The Lord’s Prayer as Discipleship Building Blocks

This past Sunday Nick began his sermon pointing out that God works when His people pray. Looking at the disciples in Acts 1 and 2 we see 120 people gathered praying before the Holy Spirit descended and they went out and miraculously proclaimed the Gospel, Peter preached, and they baptized 3,000 people. 

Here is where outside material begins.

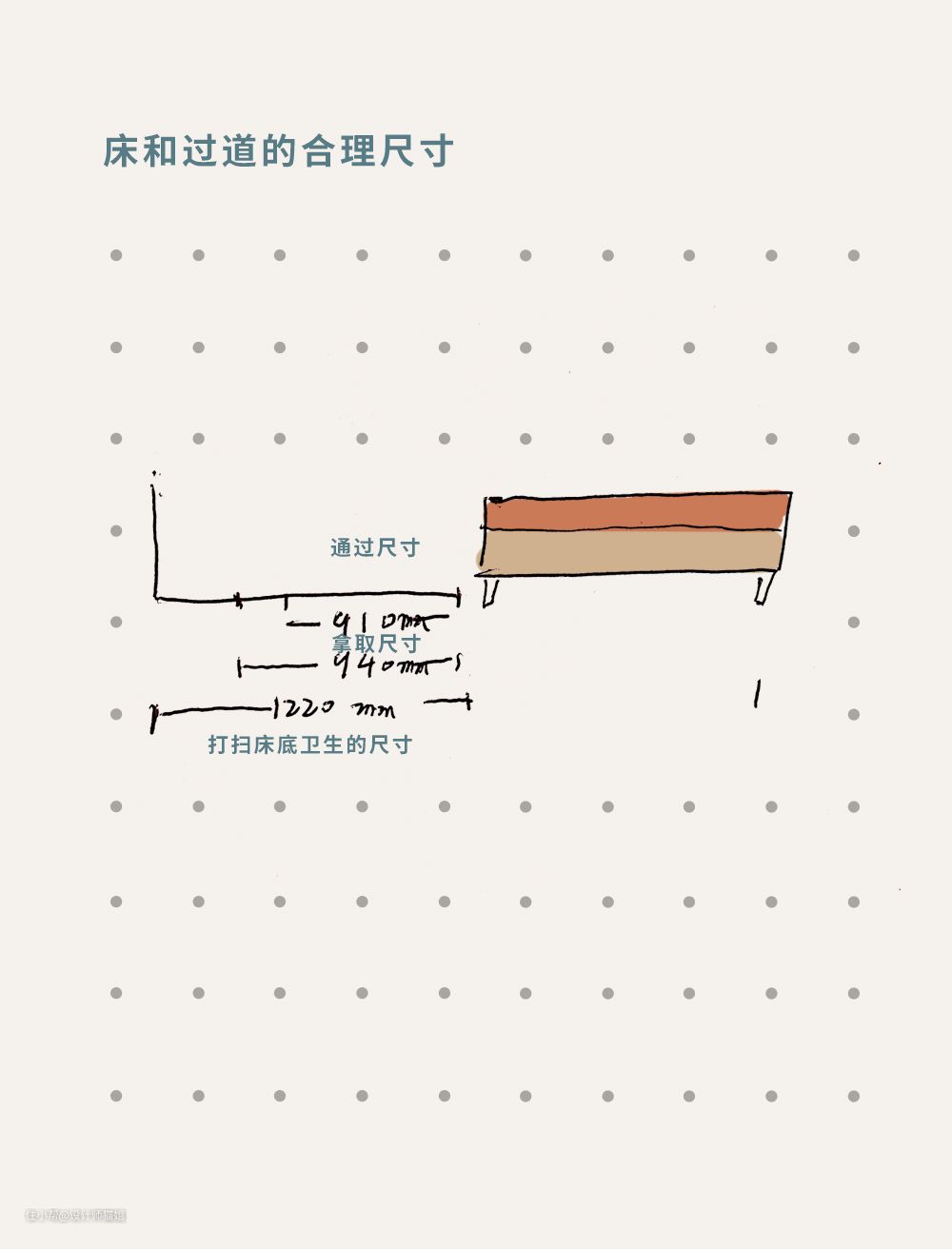 ③ 卧室过道尺寸是910mm,这个尺寸通过性比较好。床边如果方拿取东西最小尺寸940mm,比如床底有收纳空间。如果要打扫床底卫生,最小尺寸1220mm,方便屋主在打扫床底的时候,身体蹲下来打扫,因为要考虑到工具和人的空间。

Turning our attention to the Lord’s Prayer (Matthew 6:9-15), we see Jesus has given us a prayer example that has been revered as highly important in many ways through the millennia for the Christian Church. It functions as passages any believer should memorize and to be used as corporate liturgy, as a model for prayer structure and content, as an oath of fealty to the King of Kings, and even as an example of a prayer of salvation when a person is professing faith in Christ. 

Matthew 6:9–15 (ESV)
9 Pray then like this: “Our Father in heaven, hallowed be your name.
10 Your kingdom come, your will be done, on earth as it is in heaven.
11 Give us this day our daily bread,
12 and forgive us our debts, as we also have forgiven our debtors.
13 And lead us not into temptation, but deliver us from evil.
14 For if you forgive others their trespasses, your heavenly Father will also forgive you, 15 but if you do not forgive others their trespasses, neither will your Father forgive your trespasses.

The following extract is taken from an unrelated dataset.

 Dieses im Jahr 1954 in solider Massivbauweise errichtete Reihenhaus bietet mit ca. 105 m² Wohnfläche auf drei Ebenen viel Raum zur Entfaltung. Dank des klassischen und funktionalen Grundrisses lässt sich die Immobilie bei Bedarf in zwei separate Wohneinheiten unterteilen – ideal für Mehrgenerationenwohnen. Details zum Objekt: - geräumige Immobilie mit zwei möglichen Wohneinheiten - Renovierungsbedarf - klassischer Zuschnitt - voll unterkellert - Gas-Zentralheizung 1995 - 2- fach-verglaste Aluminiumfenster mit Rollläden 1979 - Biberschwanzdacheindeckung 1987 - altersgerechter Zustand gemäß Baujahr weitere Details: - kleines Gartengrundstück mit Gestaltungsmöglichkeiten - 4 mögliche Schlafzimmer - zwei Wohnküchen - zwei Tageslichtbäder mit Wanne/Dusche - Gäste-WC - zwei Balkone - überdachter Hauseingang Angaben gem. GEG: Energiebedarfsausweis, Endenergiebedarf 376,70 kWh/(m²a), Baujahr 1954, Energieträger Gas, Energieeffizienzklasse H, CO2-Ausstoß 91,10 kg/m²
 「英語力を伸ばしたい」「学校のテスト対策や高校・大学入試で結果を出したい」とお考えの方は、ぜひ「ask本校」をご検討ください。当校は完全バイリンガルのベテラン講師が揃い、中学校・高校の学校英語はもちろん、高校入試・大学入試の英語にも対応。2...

I want to encourage you to look at the Lord’s Prayer through these lenses for your own personal study and discipleship if you haven’t engaged it in such ways before or recently. I also want to lay out another idea for understanding the Lord’s prayer, that the phrases it contains are elements that intentionally build on the ones that come before it.

Through these phrases Jesus is revealing a glimpse into the life of a disciple walking with God.

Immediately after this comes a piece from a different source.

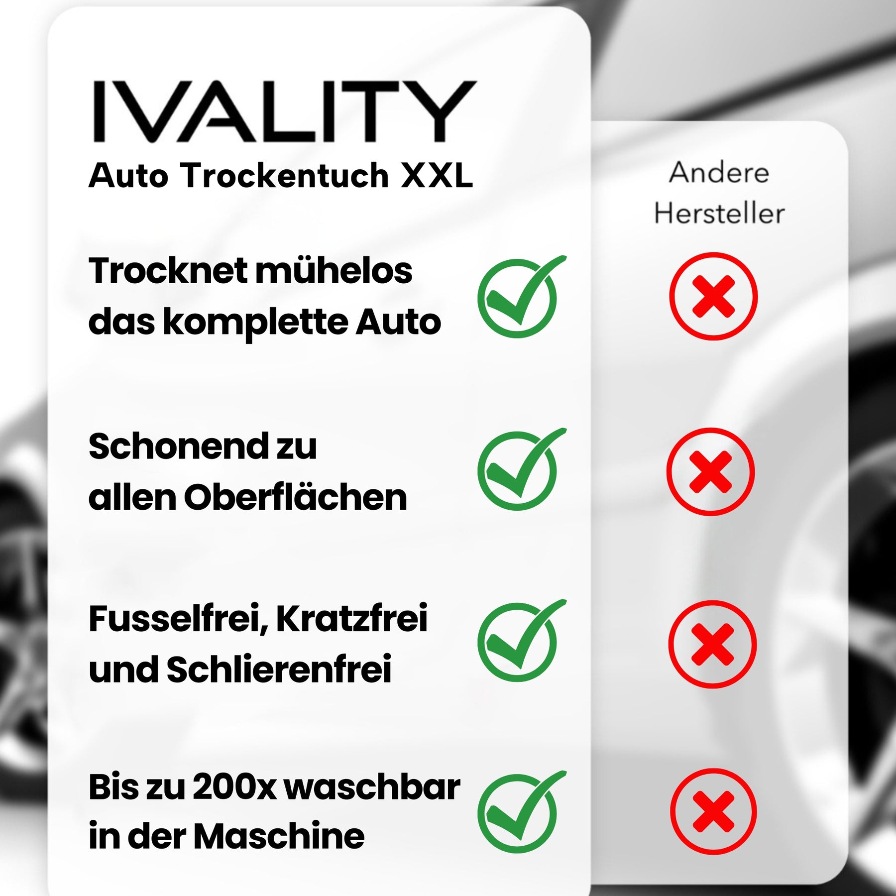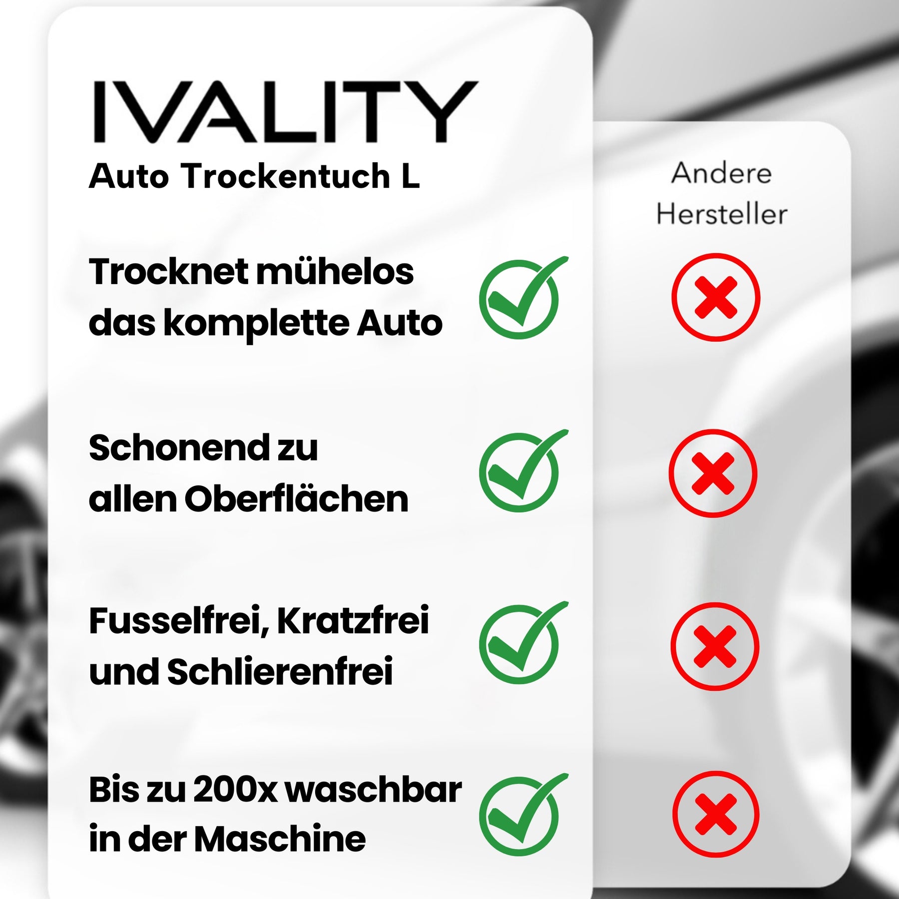 Das saugstarke Dryvality Trockentuch ist das ideale Zubehör für jeden Autofahrer, der sein Auto liebt und pflegt. Es ist ein praktischer Helfer und ein schöner Blickfang.

The first phrase “Our Father in heaven, hallowed be your name” (6:9) shows the glorious reality that God, who is revealed as holy and other (hallowed), desires to have a relationship with us like a loving Father. With that in mind, surrendering our will, wants, and desires for His doesn’t seem like a terrifying move, so we can say with peace in our hearts “Your kingdom come, your will be done, on earth as it is in heaven” (6:10). Then in living out that peace we can give up tomorrow’s worries (Matthew 6:33-34) and worldly fears and humbly say “Give us this day our daily bread” (6:11). With that clearer God centered, cruciform mindset, we will have the spiritual clarity and character needed to best see our own sins and seek reconciliation with God and with neighbor, saying “forgive us our debts, as we also have forgiven our debtors” (6:12). And all of this builds to v6:13 “And lead us not into temptation, but deliver us from evil,” which is a plea to be kept safe from sin and temptation, which so easily entangles us (Hebrews 12:1-2), through a willing surrender to God’s direction, like the end of King Jehoshaphat’s prayer when a massive army was coming against Judah, “We do not know what to do, but our eyes are on you” (2 Chronicles 20:12b).

Spend some time this week revisiting and meditating on the Lord’s Prayer, letting the instructive words of Jesus Christ draw you into a deeper relationship with the Father made possible through the redemption found in His sacrifice. May we as the church say “Your kingdom come, your will be done, on earth as it is in heaven.”